The degree of freedom for computing the value of the t-multiplier isshown below.

\(\begin{array}{c}df = n - 2\\ = 24 - 2\\ = 22\end{array}\).

The value of the t-multiplier for a level of significance equal to 0.005 and a degree of freedom equal to 22 is 2.8188.

The given table shows all the important values to compute the standard error of the estimate

The value of the standard error of the estimate is computed, as shown below.

\(\begin{array}{c}{s_e} = \sqrt {\frac{{\sum {{{\left( {y - \hat y} \right)}^2}} }}{{n - 2}}} \\ = \sqrt {\frac{{2053.167806}}{{24 - 2}}} \\ = 9.6605284\end{array}\).

Thus, \({s_e} = 9.6605284\).

The value of\(\bar x\)is computed as follows.

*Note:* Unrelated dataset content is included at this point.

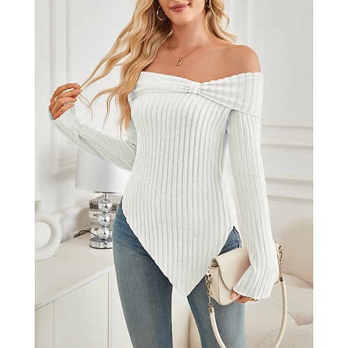 Per donna Blusa Semplice Elegante Moderno Manica Lunga Senza Spalle Top Regolari Ferie Uscire Fiocco Senza schiena Nero Bianco Rosa Albicocca Azzurro Autunno

\(\begin{array}{c}\bar x = \frac{{68 + 68 + .... + 90}}{{24}}\\ = 85.25\end{array}\).

The value of the term\({\left( {\sum x } \right)^2}\)is computed as shown below.

\(\begin{array}{c}{\left( {\sum x } \right)^2} = {\left( {68 + 68 + ..... + 90} \right)^2}\\ = 4186116\end{array}\).

The value of the term\(\left( {\sum {{x^2}} } \right)\)is computed, as shown below.

\(\begin{array}{c}\left( {\sum {{x^2}} } \right) = {68^2} + {68^2} + ...... + {90^2}\\ = 177128\end{array}\)

Substitute the values obtained above to calculate the value of the margin of error (E), as shown below.

\(\begin{array}{c}E = {t_{\frac{\alpha }{2}}}{s_e}\sqrt {1 + \frac{1}{n} + \frac{{n{{\left( {{x_0} - \bar x} \right)}^2}}}{{n\left( {\sum {{x^2}} } \right) - {{\left( {\sum x } \right)}^2}}}} \\ = \left( {2.8188} \right)\left( {9.6605284} \right)\sqrt {1 + \frac{1}{{24}} + \frac{{24{{\left( {85 - 85.25} \right)}^2}}}{{24\left( {177128} \right) - \left( {4186116} \right)}}} \\ = 27.79293058\end{array}\)

Thus, the prediction interval becomes

\(\begin{array}{c}P.I. = \left( {\hat y - E,\hat y + E} \right)\\ = \left( {70.481772 - 27.79293058,70.481772 + 27.79293058} \right)\\ = \left( {42.7,98.3} \right)\end{array}\).

Therefore, the 99% prediction interval for the number of manatee deaths when the number of registered boats is equal to 850,000 is (42.7 manatees,98.3 manatees).